From the entries below, output the line with "5年后,法院判决翟欣欣返还苏" and each following line up to and including the line with "Сердцем ножа является", exactly as written.

START Dataset records

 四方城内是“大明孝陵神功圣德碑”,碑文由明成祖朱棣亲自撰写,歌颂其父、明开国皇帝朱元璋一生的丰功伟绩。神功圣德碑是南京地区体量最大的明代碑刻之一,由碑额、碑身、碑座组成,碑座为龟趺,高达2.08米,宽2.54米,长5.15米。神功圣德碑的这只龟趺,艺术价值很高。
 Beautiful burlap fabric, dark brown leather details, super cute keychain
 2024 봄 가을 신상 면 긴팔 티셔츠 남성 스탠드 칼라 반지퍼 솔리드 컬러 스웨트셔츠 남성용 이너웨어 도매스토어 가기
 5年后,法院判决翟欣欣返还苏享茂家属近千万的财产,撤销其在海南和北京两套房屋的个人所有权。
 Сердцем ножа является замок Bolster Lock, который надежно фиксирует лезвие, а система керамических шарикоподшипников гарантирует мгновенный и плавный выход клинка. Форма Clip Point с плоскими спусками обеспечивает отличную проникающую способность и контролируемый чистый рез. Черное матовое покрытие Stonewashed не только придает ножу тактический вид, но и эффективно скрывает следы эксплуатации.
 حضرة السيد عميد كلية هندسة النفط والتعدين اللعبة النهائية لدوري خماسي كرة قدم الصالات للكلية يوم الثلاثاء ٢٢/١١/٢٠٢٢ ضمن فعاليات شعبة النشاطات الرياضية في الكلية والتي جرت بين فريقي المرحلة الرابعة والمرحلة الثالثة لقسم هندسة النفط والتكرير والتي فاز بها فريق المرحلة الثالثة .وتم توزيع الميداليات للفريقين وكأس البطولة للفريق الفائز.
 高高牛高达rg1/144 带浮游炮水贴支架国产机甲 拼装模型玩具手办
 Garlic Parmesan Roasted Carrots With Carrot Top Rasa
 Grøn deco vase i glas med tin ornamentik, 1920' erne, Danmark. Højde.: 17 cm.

END Dataset records
START Dataset records

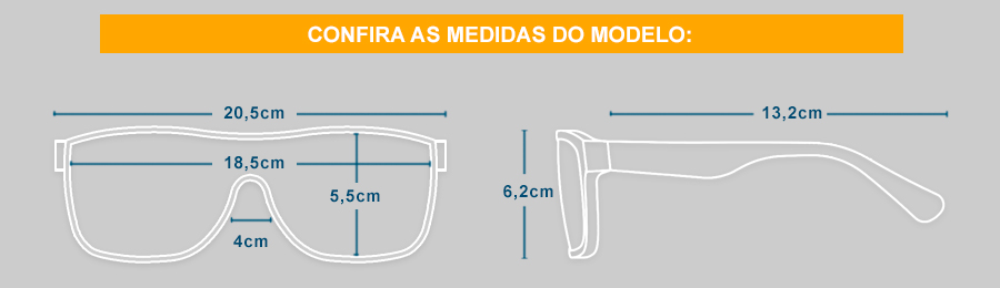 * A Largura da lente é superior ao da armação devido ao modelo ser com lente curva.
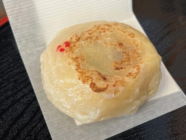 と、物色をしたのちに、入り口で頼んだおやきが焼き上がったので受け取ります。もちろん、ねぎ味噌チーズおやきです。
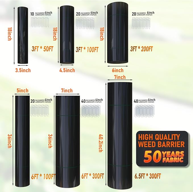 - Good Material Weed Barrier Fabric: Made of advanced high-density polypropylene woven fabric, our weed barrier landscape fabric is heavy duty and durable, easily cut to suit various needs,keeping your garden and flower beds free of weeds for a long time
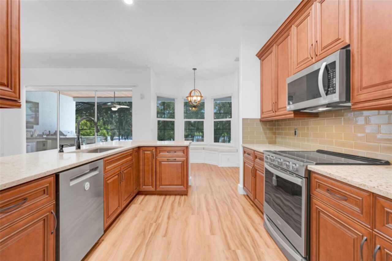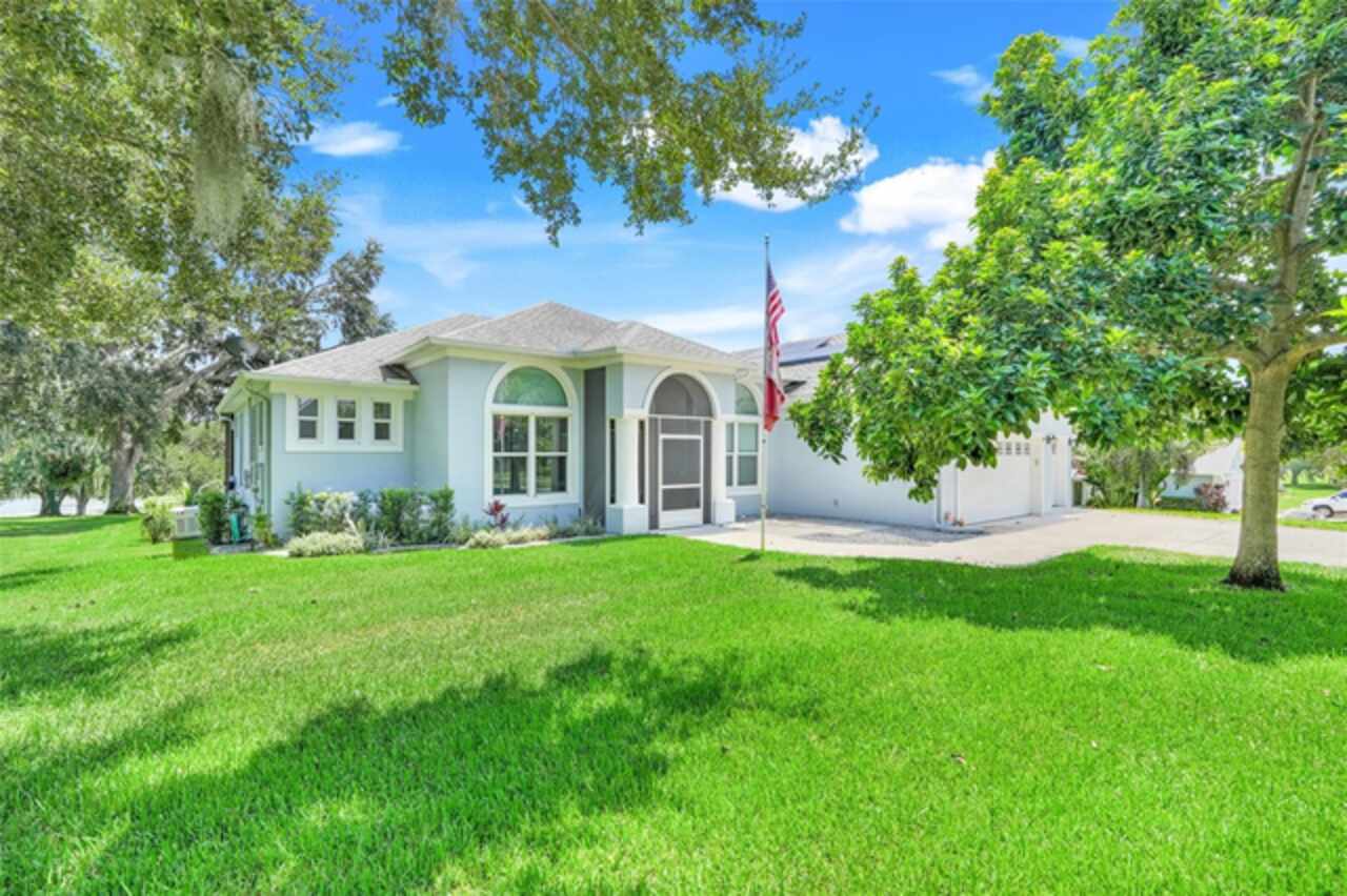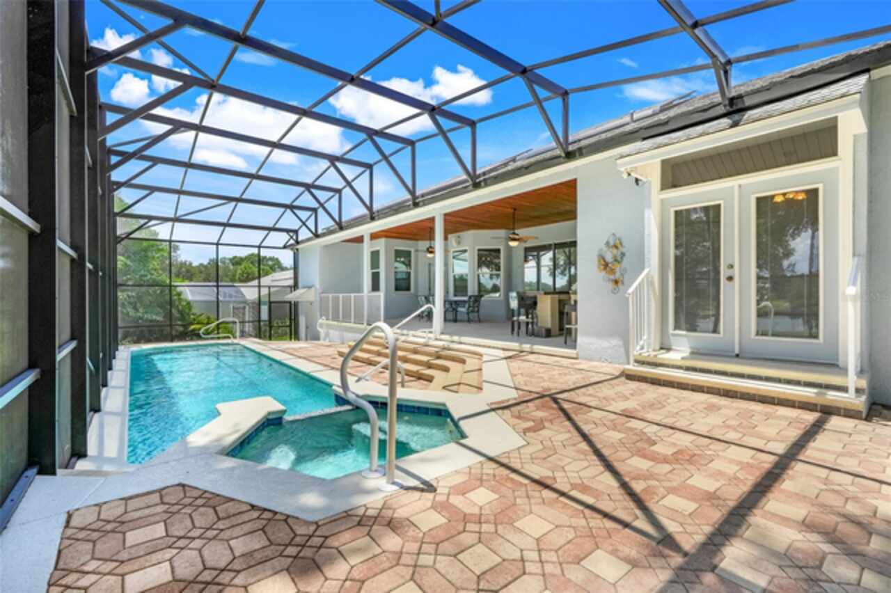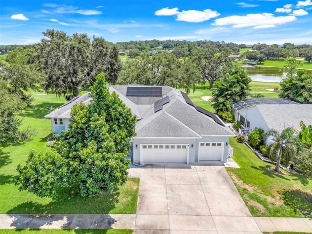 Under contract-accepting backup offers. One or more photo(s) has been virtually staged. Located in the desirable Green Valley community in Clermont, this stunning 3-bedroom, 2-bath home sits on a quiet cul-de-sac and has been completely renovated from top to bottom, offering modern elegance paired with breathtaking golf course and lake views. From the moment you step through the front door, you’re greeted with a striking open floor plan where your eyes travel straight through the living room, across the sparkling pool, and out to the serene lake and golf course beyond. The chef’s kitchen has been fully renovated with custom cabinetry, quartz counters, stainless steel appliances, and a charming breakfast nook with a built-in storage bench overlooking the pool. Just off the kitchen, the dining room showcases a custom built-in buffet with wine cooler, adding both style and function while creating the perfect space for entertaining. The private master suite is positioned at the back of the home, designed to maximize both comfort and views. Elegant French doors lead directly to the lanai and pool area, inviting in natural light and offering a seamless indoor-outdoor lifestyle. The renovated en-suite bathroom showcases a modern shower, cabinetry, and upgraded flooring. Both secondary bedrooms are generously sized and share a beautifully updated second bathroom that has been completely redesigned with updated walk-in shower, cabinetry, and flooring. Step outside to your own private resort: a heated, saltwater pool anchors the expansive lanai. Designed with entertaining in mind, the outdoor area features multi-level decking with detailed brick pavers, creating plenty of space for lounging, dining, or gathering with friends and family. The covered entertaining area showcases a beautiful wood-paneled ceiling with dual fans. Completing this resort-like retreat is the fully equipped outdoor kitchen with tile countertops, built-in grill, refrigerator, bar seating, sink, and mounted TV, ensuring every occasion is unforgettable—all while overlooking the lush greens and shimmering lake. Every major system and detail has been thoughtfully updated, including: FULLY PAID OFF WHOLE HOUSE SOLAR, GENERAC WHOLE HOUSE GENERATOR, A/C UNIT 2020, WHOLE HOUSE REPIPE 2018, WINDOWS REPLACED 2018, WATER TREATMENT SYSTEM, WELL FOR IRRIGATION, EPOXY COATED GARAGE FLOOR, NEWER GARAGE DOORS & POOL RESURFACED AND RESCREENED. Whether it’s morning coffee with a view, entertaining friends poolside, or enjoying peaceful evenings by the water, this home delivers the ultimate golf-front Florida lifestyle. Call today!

END Dataset records

> Task output:
 5年后,法院判决翟欣欣返还苏享茂家属近千万的财产,撤销其在海南和北京两套房屋的个人所有权。
 Сердцем ножа является замок Bolster Lock, который надежно фиксирует лезвие, а система керамических шарикоподшипников гарантирует мгновенный и плавный выход клинка. Форма Clip Point с плоскими спусками обеспечивает отличную проникающую способность и контролируемый чистый рез. Черное матовое покрытие Stonewashed не только придает ножу тактический вид, но и эффективно скрывает следы эксплуатации.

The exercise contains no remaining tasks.